▼▼▼

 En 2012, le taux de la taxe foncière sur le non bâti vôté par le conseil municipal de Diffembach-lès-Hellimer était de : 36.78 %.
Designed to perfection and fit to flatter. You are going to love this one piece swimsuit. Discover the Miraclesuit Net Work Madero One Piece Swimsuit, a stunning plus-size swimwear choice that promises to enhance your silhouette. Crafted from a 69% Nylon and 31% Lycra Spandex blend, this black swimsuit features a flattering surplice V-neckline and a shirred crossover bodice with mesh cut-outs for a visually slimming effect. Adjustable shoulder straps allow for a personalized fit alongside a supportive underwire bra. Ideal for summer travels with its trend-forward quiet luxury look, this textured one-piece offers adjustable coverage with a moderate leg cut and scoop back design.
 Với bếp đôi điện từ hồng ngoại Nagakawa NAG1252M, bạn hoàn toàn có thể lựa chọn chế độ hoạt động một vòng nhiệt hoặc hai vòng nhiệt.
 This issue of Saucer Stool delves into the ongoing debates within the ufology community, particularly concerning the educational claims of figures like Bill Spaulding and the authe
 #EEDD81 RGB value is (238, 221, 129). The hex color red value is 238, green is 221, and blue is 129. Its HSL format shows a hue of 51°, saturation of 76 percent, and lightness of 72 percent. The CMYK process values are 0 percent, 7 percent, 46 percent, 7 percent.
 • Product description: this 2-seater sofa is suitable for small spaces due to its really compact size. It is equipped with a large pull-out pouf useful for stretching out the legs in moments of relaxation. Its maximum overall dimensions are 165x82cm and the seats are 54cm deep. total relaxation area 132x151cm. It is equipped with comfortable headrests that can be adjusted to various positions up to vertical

▲▲▲
▼▼▼

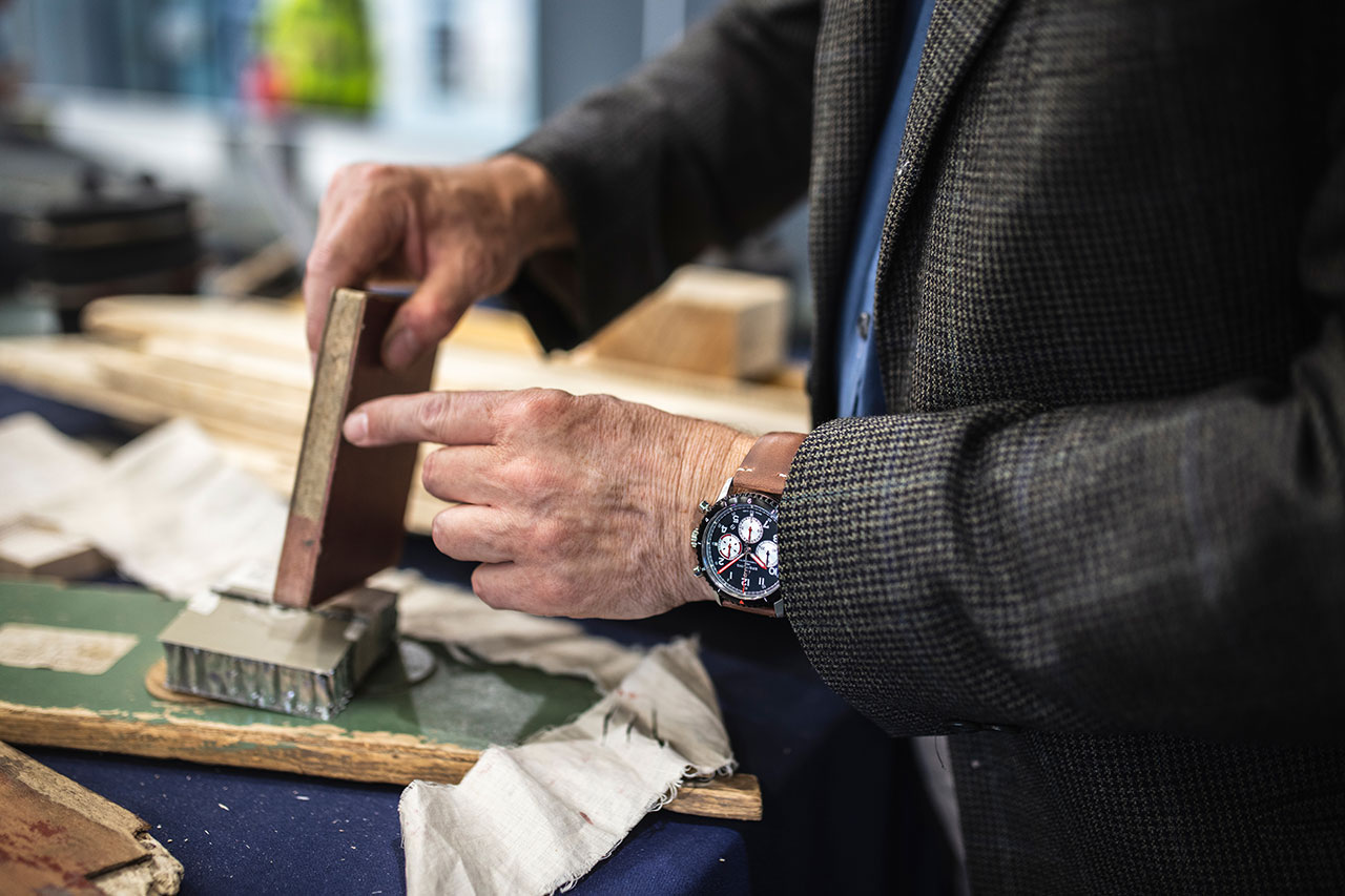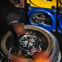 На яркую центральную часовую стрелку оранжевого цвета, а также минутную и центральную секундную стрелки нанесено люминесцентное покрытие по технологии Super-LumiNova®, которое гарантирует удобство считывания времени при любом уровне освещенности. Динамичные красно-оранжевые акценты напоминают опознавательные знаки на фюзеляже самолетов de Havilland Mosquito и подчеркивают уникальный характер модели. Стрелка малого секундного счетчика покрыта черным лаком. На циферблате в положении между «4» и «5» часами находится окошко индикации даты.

▲▲▲
▼▼▼

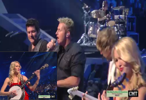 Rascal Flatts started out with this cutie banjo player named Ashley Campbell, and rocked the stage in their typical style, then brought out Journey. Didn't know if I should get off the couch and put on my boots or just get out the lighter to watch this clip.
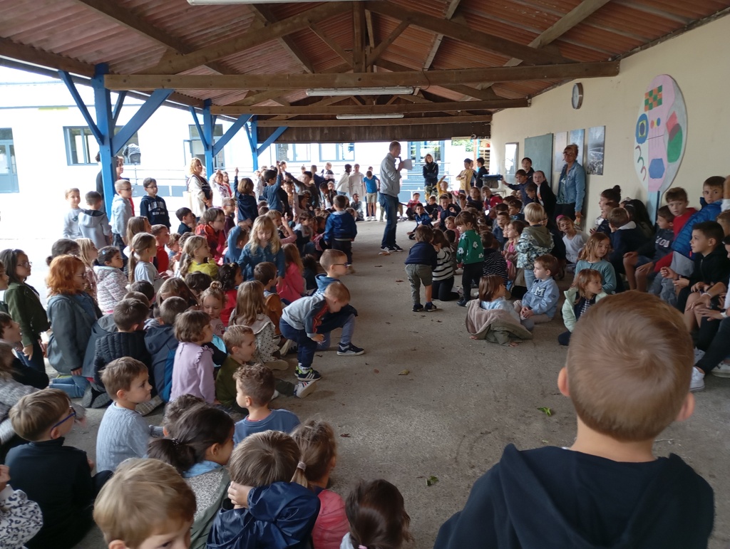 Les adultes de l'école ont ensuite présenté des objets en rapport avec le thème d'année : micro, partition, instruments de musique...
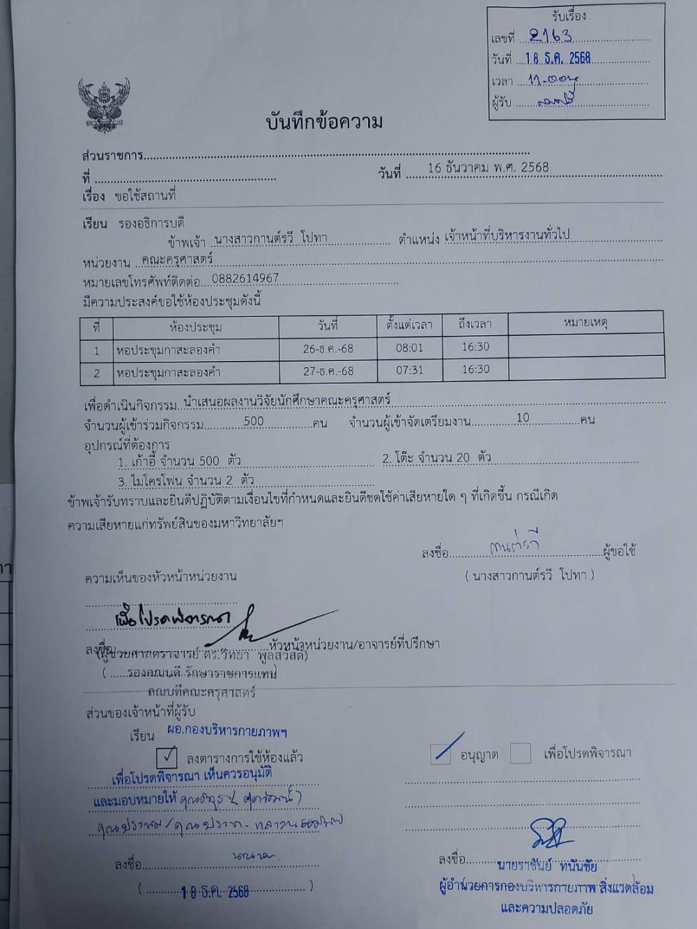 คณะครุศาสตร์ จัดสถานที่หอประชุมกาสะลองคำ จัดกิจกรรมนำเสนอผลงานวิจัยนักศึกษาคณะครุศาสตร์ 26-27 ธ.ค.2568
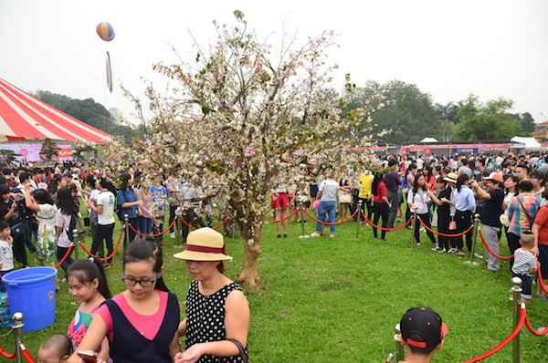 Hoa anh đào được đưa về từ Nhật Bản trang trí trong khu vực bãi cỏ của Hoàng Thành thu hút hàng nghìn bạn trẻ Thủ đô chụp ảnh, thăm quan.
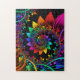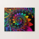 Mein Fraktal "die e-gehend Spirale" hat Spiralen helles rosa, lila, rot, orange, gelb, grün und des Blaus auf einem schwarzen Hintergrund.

▲▲▲

In the entries above, the lines between the one holding "Với bếp đôi" and the one holding "up to vertical", inclusive, are to be printed exactly as written, and those alone.

 Với bếp đôi điện từ hồng ngoại Nagakawa NAG1252M, bạn hoàn toàn có thể lựa chọn chế độ hoạt động một vòng nhiệt hoặc hai vòng nhiệt.
 This issue of Saucer Stool delves into the ongoing debates within the ufology community, particularly concerning the educational claims of figures like Bill Spaulding and the authe
 #EEDD81 RGB value is (238, 221, 129). The hex color red value is 238, green is 221, and blue is 129. Its HSL format shows a hue of 51°, saturation of 76 percent, and lightness of 72 percent. The CMYK process values are 0 percent, 7 percent, 46 percent, 7 percent.
 • Product description: this 2-seater sofa is suitable for small spaces due to its really compact size. It is equipped with a large pull-out pouf useful for stretching out the legs in moments of relaxation. Its maximum overall dimensions are 165x82cm and the seats are 54cm deep. total relaxation area 132x151cm. It is equipped with comfortable headrests that can be adjusted to various positions up to vertical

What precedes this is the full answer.